The following is a guest post by Rico Rosa, customer success manager at publisher data platform Permutive. Opinions are the author's own.
The digital advertising industry is at an inflection point. Cookies are going away (making one-to-one targeting harder), practices such as fingerprinting are becoming obsolete and there's new regulation. There's no getting away from it, user privacy now sits at the forefront of government regulators, the digital economy and its consumers.
The future holds many new challenges for advertisers and publishers, and benefits too. They're tasked with developing tactics and strategies that continue to drive performance and engender trust in this new, well-informed society. Before those tactics and strategies are built, it's important to take a step back and understand how and why the industry got to where it is today.
A brief history of targeted display advertising
The rise of targeted display advertising began with the introduction of digital advertising in the early 1990s. The goal was simple: obtain more traffic, clicks or popularity for the brand being advertised. As technology progressed through the 90s — with the first ad-server in 1996 — and into the 2000s, advertisers and publishers got smarter about how they could use those display ads to their advantage.
Targeted advertising started out straightforward with contextual approaches giving advertisers the ability to target ad inventory based on the content of the web page being consumed. With the mass adoption of mobile devices and the internet came audience targeting or behavioral targeting, which relied on the data that was being collected by the sites users visited across the web. That data was stored in a cookie that pervaded our digital footprint and was lobbied for by advertisers as a better means to engage consumers.
The end result was an explosion in data mining by third-parties and the data was sold to advertisers to target users across the web at the expense of consumers' privacy. Programmatic inventory became a race to the bottom and it's the publishers who lost.
Advertisers look to privacy-safe ways to target
Digital ad targeting will return to its roots, where context matters and a publisher has the legal right to access data on its users — with the proper tools in place. It's no longer a race to the bottom, but a race against yourself to drive the industry in the direction of your audience. This future will reveal a path where contextual and audience targeting work harmoniously together to drive better outcomes for advertisers. But what does that look like?
Audience targeting is a strategy that takes the interests and behaviors of users to create groupings, or segments. These segments are then used to serve more relevant and engaging advertisements.
Imagine the types of people that marketers want to engage: sports fans, homeowners or fashion innovators, for example. Each of these users interact with specific types of content and behave in different ways. Marketers can take these signals to create groups of users that are representative of a desirable audience. For example, a basketball fan would be defined as a user that has viewed multiple basketball related pages over the past 30 days. This group of users can then be targeted across all pages on the domain, enabling marketers to develop a long-term relationship with the user group over time.
Contextual and audience targeting differ
Audience targeting is based on a specific user profile, whereas contextual targeting is based on page content. Contextual will see a brand target lipstick across beauty related content, but audience-targeting results in a brand targeting lipstick enthusiasts across any content.

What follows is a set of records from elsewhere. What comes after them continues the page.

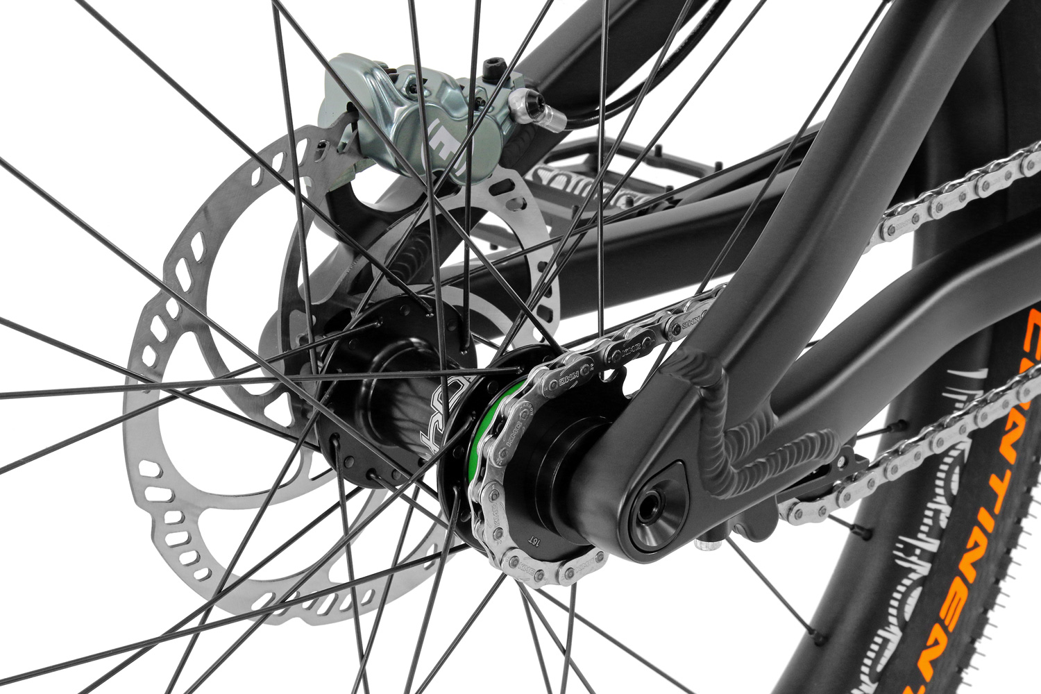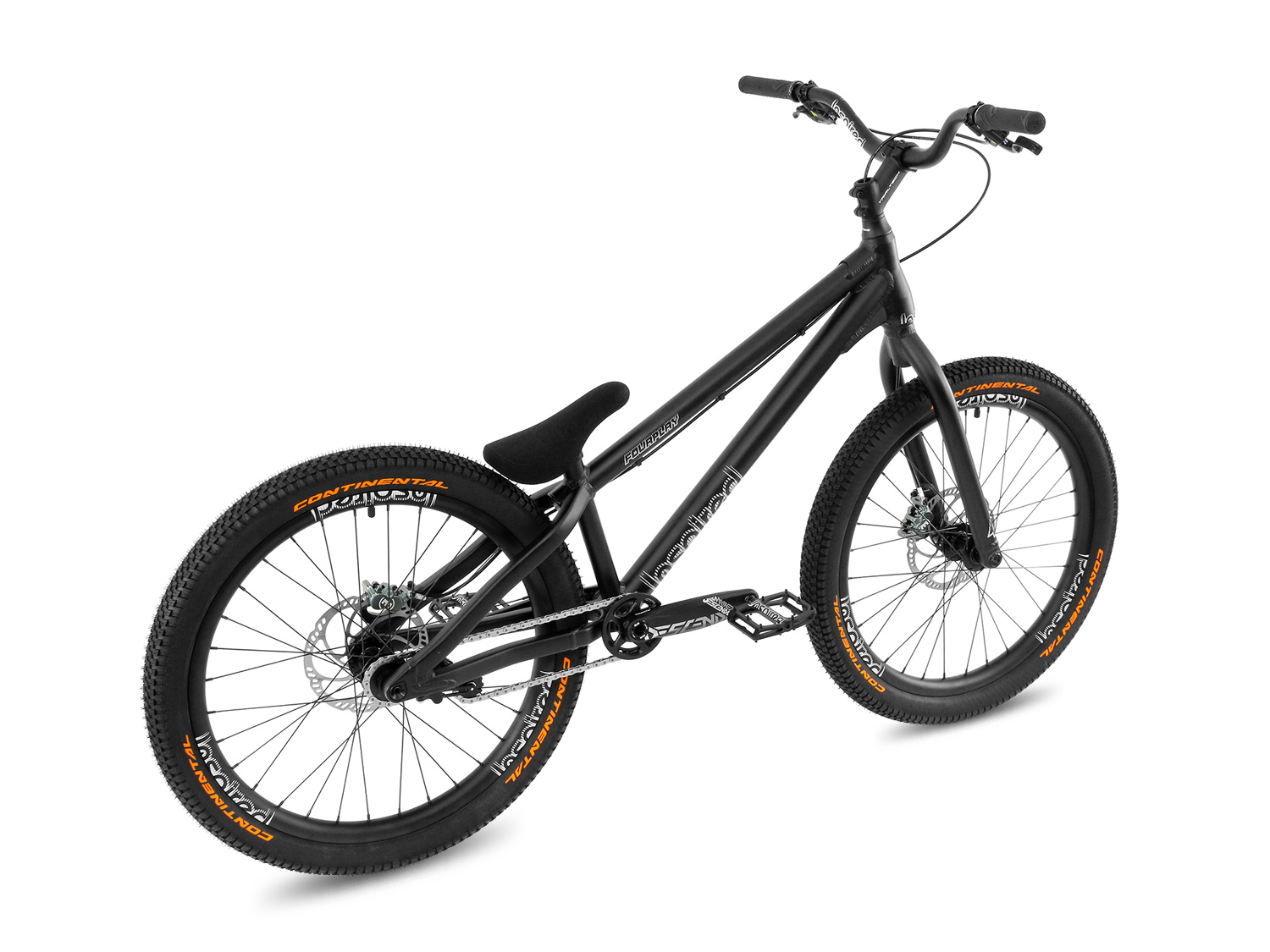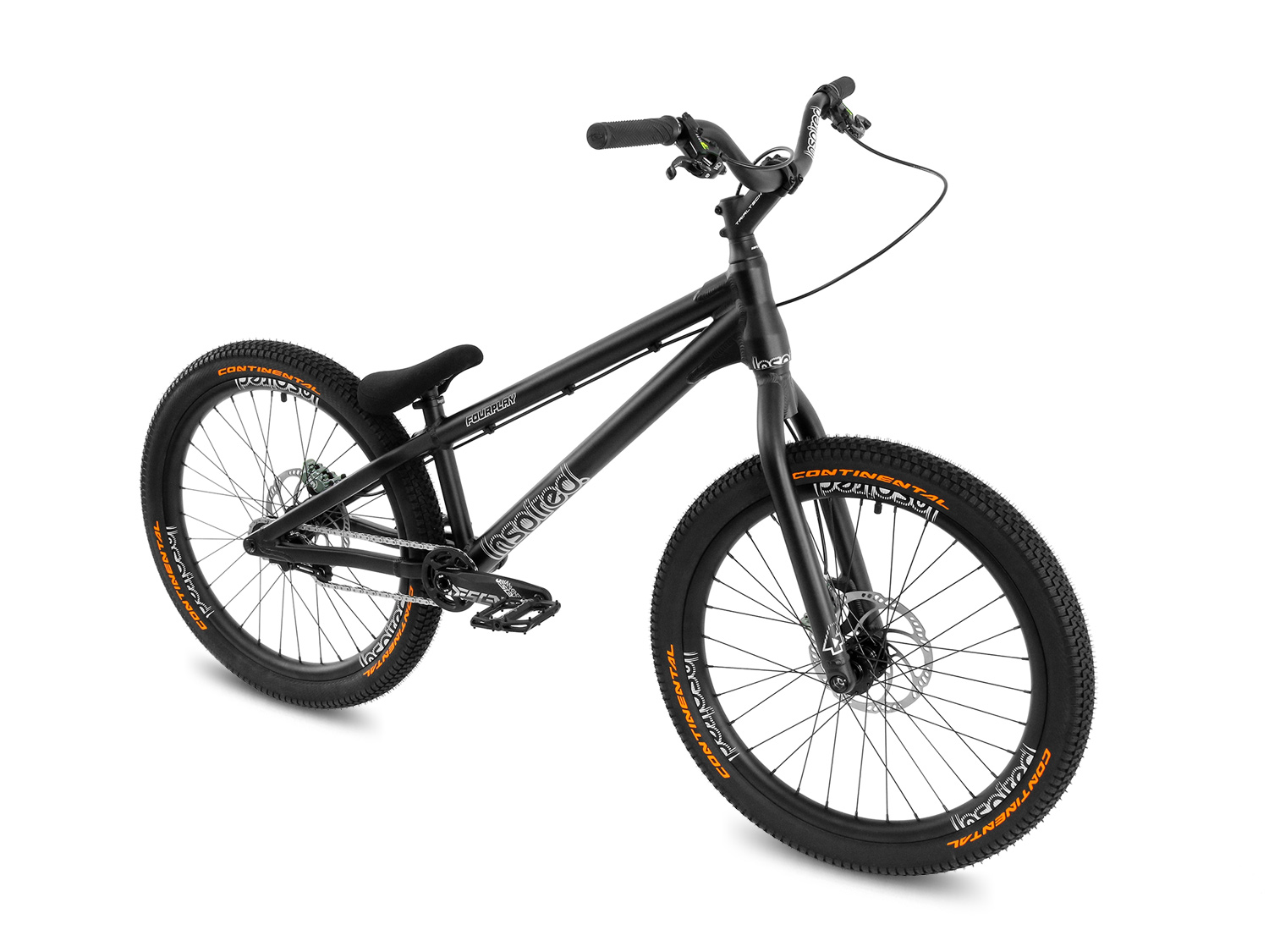 Das beliebte und bewährte Inspired Fourplay in der edlen Team Version kommt mit einer leicht geänderten Geometrie für noch mehr Wendigkeit. Zudem wurde das tapered Steuerrohr überarbeitet und besitzt nun komplett innenliegende Lager. Auch der neue Kettenspanner hält die Kette noch sicherer und fügt sich harmonisch unter der Kettenstrebe ein. Hope Naben, Inspired Team "tubeless ready" Felgen und Continental Bereifung. Für hohe Steifigkeit und Lenkpräzision sorgt eine 15mm Steckachse am Vorderrad. Der 4-Kant Hinterbau besitzt eine 12mm Steckachse und die modernen Postmount Scheibenbremsenaufnahmen. Bei der Ausstattung runden MacAskill Schraubgriffe, Inspired Pedale und der robuste Kevlar Sattel mit Tripod Aufnahme das sehr wendige Allroundbike ab. Wartungsfreie, hydraulische Scheibenbremsen mit Top Bremsleistung und optimaler Einstellbarkeit. Der wendige 24" Inspired Rahmen wurde für Streetfahrer angepasst mit kurzen Kettenstreben und höherem Tretlager bei kurzem Radstand. Singlespeed mit Freilaufnabe hinten und 22:16 Zähne Übersetzung.
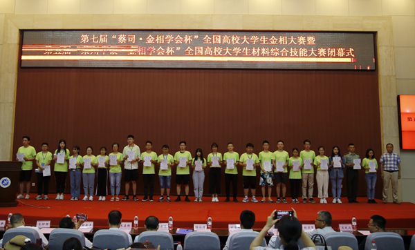 负责人,全体参赛师生参加了大赛闭幕式与颁奖典礼。程永清代表承办单位致辞。他对各位领导专家、各所参赛院校、赞助单位的大力支持以及为竞赛付出辛勤劳动的全体工作人员表示感谢,对所有获奖单位和个人表示祝贺。他希望大家能以本次大赛为契机,加强交流与学习,共同推动我国高校材料类专业“新工科”建设,不断提高材料学科和专业的育人质量。
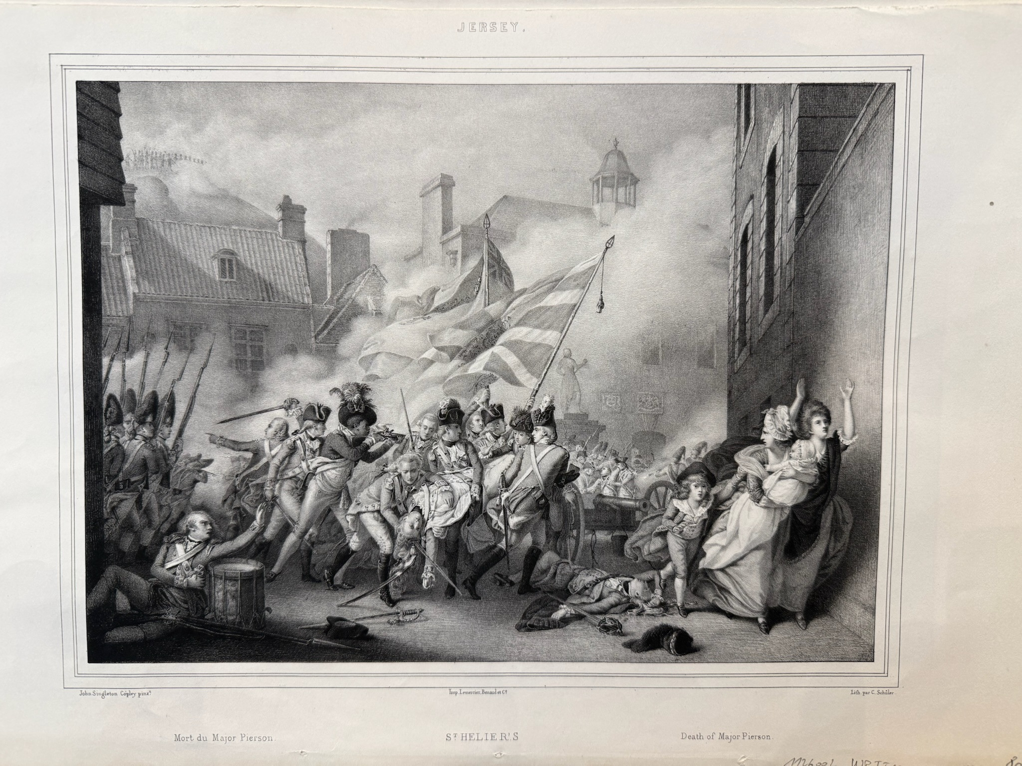 Lithographie originale représentant la Bataille de St Helier, mort du Major Pierson.

Another example is buying gifts for friends and family, when you don't know what they'll like or how much to spend. A common strategy to avoid giving an unwanted gift is to take a mental note when a loved one expresses an interest in something. This is audience targeting — using historical context and behavior to inform advertising decisions.
However, buying a gift in the moment can be equally gratifying. Taking care of the bill at dinner with friends or family, for example, can be a great way to ensure your gift is relevant and enjoyed. This is contextual targeting — using information about what a user is consuming in the moment to inform advertising decisions.
A direct relationship with the end user
Publishers are the only destination on the web that have a direct relationship with their users and the inventory to deliver on campaigns. This creates an opportunity for publishers to be empowered in a new advertising ecosystem. Combine this intimate relationship with their ability to leverage data to segment users, and publishers are able to provide the most accurate and efficient environment to target an audience.
More importantly, publishers have no need to send a user's data across the bid-stream to create a valuable audience. All the data needed to create and target a desirable group of users can be collected within a publisher’s walled garden. This makes audience targeting with a publisher one of the most privacy compliant strategies for any digital marketing campaign.
Marketers and publishers should continue to seek meaningful ways to bridge the gap the loss of the cookie leaves behind. Audience and contextual targeting should be permissioned by publishers to ensure the greatest accuracy and effectiveness are achieved by digital campaigns.